At 9:04 am the Mont-Blanc blew up. Two thousand people died immediately in the explosion, followed by fires and a huge tsunami. Buildings were obliterated to a radius of 800 meters. White hot shards of iron fell on Dartmouth and Halifax. My father was preparing to give a class when the ceiling fell in on him and he jumped under a desk.

It was the largest-man made explosion before Hiroshima.

Vancouver playwright Trina Davies has used this disaster as the basis for Shatter, a new play now in production at the Walterdale Theatre until Dec. 16. Its opening night here was exactly one hundred years after the explosion.

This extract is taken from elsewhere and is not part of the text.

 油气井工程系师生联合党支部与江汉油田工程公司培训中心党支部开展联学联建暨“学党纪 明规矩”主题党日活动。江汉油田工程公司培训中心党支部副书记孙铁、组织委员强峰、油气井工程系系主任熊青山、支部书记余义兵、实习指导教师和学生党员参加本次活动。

In 1917, Halifax was a jumping off harbour for the dangerous voyage to Europe for ships carrying supplies and personnel. Rumours were rampant – newspaper headlines screamed that the “Huns” were about to attack any day. When the two ships blew up in the harbour most people thought it was the invasion.

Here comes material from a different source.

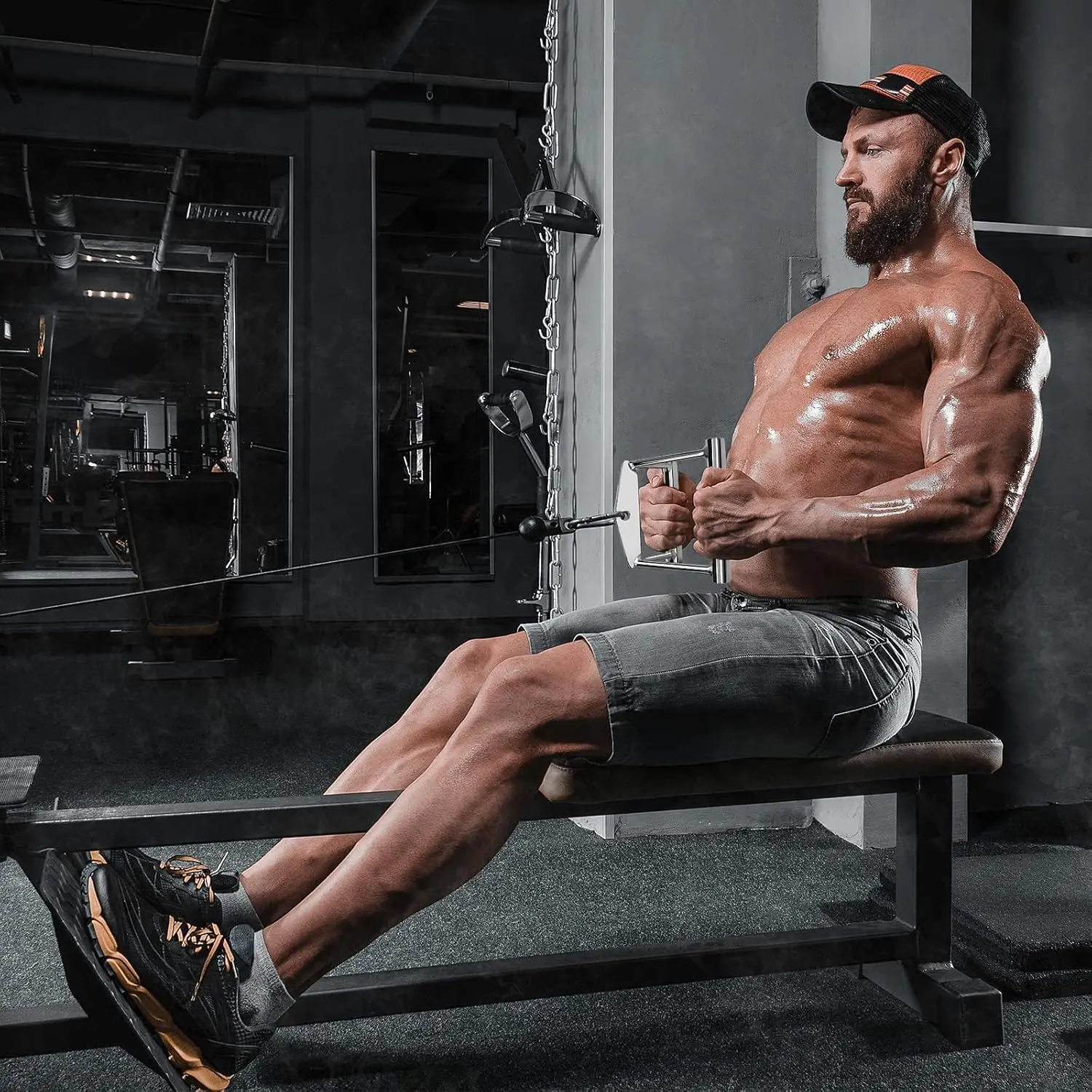 💪【MULTI WORKOUTS】-Tricep pull down attachment for building stronger triceps and grip strength, assisting around elbows, wrists, , abs and with different compound pushing exercises: triceps pushdowns, seated rows, straight bar pressdown, seated upright rows, for both workout at and gym.

Davies takes a group of Haligonians and places them in the middle of the explosion. At the centre is teenager Anna (Sian Godsmark) who lives with her mother, Jeannie (Yanit Terefe), and her young brother. Their best friend is Elsie (Samantha Woolsey), a German widow. Anna has the usual gang of friends and a special new one – Brian (Dylan Brenneis), a soldier.

The explosion, with its staggering statistics of death and destruction, is well staged in the dark with flashlights by director Josh Languedoc. The cast is joined by a ghostly group of bodies known as “shadows.”

After the explosion Anna’s mother is blinded, her brother and many of her friends are killed. The play probes what happens to a community when they are in distress and completely cut off from all information – except for those blatant, rabble rousing headlines (”Huns Responsible for Explosion!”). The headlines, rendered in slides, continue stirring up hatred in the throngs throughout the play.

There are tales of German armies on the beaches. Elsie is stoned in the streets. Gangs of rampaging citizens roam the streets at night wrecking what is left of German homes. Anna joins in – with the urging of Brian who believes all the hateful propaganda. Languedoc makes good use of a chorus, effectively using the flashlights, occasionally creepily shining them upward into their mask-like faces.

There’s not a glimmer of humour, and not a lot of hope here, as you might imagine from the subject matter. The blinded Jeannie spends her time in bed or blundering around the room where the family has found haven. At one point, when she finds her son has died, she raises her fist and cries out to God, “Why have you taken everything?” Elsie is accused of being a spy. Anna is torn between both sides and doesn’t know what to think. “Since the police arrested all German nationals – there must be something to the rumours!” she says. But, at least for her, love blossoms amidst the ruins, although the waffling, hate-filled Brian doesn’t seem like much of a catch.

The game cast gives everything they have to a script that only sporadically grips or involves us. But the events depicted here, with their terrible consequences and ghastly statistics (9,000 injured – hundreds blinded by the flash) command a certain amount of awe and the play taps into them.

The entire evening revolves around Anna, who is not only coping with the aftermath of the explosion, but with teen hormones as well. Godsmark handles it with considerable skill.

As for the ravening crowds, well, they give up on the Huns and decide that it was all a French plot to get les Anglais for conscription.